[RECORDS FOR PROCESSING — start]

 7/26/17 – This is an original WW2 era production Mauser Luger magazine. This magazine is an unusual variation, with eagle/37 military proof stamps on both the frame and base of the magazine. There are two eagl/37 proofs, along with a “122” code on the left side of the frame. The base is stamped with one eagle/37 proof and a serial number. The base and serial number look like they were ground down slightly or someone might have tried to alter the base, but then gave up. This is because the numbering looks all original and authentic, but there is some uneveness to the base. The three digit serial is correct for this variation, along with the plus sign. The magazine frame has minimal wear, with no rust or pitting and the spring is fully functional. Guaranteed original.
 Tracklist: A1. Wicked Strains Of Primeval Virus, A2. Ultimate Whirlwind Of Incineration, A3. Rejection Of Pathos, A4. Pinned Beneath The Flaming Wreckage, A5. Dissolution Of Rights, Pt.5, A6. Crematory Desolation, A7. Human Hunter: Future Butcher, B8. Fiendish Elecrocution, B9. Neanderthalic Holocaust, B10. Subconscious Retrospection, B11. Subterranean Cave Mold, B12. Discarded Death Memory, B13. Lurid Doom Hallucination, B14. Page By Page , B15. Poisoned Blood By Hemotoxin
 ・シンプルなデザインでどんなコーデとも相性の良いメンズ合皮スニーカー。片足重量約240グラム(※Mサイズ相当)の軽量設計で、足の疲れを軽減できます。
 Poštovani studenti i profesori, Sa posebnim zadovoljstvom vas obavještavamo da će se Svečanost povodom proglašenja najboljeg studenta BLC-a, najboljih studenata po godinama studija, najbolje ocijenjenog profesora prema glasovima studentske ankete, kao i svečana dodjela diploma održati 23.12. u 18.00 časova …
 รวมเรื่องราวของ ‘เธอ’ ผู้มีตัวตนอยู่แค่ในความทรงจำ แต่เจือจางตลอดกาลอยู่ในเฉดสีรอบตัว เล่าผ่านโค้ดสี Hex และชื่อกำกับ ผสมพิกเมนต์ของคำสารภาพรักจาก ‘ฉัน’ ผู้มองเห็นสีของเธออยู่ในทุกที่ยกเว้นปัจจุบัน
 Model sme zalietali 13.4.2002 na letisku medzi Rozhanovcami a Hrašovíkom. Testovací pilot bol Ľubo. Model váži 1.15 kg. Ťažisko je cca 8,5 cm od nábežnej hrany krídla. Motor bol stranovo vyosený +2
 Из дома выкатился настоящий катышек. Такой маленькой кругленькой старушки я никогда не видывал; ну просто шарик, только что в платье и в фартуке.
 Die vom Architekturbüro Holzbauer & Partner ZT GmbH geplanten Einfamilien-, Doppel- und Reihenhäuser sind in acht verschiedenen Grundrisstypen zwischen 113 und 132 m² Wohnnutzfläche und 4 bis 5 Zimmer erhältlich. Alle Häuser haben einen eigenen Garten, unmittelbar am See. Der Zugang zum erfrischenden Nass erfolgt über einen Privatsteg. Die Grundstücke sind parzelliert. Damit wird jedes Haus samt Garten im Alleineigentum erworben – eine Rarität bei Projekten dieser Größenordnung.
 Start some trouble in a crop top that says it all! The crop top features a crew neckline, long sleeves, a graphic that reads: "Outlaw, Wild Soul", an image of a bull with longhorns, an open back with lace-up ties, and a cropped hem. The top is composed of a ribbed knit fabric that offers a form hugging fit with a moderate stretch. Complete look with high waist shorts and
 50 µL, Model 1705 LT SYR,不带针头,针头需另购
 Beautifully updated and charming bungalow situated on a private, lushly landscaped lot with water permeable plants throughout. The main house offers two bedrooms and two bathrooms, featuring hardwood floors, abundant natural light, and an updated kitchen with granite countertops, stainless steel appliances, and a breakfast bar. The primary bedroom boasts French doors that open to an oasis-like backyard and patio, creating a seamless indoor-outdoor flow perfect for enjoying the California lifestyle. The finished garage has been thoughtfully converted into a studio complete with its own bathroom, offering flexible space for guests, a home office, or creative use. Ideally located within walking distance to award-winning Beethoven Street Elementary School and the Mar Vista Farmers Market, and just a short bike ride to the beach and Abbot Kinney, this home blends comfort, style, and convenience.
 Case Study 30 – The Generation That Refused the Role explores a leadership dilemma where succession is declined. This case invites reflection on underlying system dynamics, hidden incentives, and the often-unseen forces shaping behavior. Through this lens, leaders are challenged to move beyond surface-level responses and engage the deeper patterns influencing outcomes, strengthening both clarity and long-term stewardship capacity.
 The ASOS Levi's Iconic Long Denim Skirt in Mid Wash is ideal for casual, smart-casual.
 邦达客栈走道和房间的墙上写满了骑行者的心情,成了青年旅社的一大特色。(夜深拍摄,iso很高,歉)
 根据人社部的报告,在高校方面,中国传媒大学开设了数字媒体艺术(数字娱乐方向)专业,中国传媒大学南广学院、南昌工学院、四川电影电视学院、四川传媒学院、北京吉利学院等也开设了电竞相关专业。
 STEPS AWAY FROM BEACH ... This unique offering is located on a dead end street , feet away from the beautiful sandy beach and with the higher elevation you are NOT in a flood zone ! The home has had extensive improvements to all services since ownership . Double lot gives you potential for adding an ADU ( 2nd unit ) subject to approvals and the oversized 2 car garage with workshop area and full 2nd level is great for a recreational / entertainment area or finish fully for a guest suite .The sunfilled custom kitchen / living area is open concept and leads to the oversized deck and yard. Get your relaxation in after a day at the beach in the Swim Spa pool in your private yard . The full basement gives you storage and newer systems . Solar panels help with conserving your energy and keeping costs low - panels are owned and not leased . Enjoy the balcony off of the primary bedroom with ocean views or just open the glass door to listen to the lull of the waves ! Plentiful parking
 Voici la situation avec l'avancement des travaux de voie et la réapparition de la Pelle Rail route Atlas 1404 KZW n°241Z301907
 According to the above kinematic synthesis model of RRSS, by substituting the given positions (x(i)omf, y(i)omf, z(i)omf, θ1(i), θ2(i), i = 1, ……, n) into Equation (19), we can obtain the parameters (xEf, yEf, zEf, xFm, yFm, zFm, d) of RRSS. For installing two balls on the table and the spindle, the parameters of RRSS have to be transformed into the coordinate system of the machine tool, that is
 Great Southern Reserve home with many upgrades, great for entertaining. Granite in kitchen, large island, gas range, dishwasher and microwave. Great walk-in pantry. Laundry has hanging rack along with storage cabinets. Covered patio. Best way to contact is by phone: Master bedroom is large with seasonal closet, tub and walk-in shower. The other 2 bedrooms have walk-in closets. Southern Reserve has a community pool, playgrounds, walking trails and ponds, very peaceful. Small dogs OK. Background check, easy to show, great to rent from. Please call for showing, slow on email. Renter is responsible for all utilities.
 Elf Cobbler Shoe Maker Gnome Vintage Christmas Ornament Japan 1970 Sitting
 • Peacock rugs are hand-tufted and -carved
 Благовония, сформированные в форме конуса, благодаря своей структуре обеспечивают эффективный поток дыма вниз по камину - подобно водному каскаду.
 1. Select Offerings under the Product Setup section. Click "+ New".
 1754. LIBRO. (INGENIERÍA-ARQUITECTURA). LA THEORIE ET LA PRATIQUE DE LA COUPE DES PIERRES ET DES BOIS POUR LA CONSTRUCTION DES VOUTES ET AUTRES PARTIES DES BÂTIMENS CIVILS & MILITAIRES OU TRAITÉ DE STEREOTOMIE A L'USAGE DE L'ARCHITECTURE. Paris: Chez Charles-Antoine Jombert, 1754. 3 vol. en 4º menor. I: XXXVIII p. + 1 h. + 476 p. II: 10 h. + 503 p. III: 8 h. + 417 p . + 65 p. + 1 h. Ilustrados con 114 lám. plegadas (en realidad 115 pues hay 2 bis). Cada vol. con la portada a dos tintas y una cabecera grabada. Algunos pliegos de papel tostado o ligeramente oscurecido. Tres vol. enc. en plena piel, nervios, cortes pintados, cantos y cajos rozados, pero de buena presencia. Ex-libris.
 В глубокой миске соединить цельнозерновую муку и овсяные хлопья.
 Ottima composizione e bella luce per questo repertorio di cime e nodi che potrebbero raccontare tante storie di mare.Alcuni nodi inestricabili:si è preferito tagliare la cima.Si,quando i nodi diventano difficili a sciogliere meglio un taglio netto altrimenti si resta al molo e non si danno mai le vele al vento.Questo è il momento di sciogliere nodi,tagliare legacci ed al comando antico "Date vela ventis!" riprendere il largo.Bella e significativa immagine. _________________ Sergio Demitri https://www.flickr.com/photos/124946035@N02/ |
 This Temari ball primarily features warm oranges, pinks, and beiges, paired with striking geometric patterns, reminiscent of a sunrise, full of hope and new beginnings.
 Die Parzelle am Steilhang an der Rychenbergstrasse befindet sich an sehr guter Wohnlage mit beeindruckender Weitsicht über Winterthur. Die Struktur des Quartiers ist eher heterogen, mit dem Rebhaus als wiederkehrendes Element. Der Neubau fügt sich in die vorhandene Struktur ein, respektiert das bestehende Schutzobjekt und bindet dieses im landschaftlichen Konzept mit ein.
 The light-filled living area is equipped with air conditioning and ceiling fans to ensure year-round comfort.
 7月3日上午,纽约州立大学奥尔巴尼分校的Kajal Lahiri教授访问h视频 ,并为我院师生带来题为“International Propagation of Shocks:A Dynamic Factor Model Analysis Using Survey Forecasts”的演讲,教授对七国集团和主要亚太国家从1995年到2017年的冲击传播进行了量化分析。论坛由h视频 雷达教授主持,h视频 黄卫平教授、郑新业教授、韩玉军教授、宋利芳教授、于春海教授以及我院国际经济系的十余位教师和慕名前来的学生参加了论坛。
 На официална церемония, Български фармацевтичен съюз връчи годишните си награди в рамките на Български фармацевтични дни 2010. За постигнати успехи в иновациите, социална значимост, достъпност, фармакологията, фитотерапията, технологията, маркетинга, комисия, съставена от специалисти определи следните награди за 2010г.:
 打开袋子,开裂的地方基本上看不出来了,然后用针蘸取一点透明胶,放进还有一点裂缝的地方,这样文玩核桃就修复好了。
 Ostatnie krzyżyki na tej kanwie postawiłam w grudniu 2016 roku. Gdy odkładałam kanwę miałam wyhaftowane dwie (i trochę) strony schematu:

[RECORDS FOR PROCESSING — finish]

_WORK INSTRUCTION_: Retype, exactly and in full, the lines above from the one containing "The ASOS Levi's" through the one containing "根据人社部的报告,在高校方面".

_REPLY TO THE EXERCISE_:
 The ASOS Levi's Iconic Long Denim Skirt in Mid Wash is ideal for casual, smart-casual.
 邦达客栈走道和房间的墙上写满了骑行者的心情,成了青年旅社的一大特色。(夜深拍摄,iso很高,歉)
 根据人社部的报告,在高校方面,中国传媒大学开设了数字媒体艺术(数字娱乐方向)专业,中国传媒大学南广学院、南昌工学院、四川电影电视学院、四川传媒学院、北京吉利学院等也开设了电竞相关专业。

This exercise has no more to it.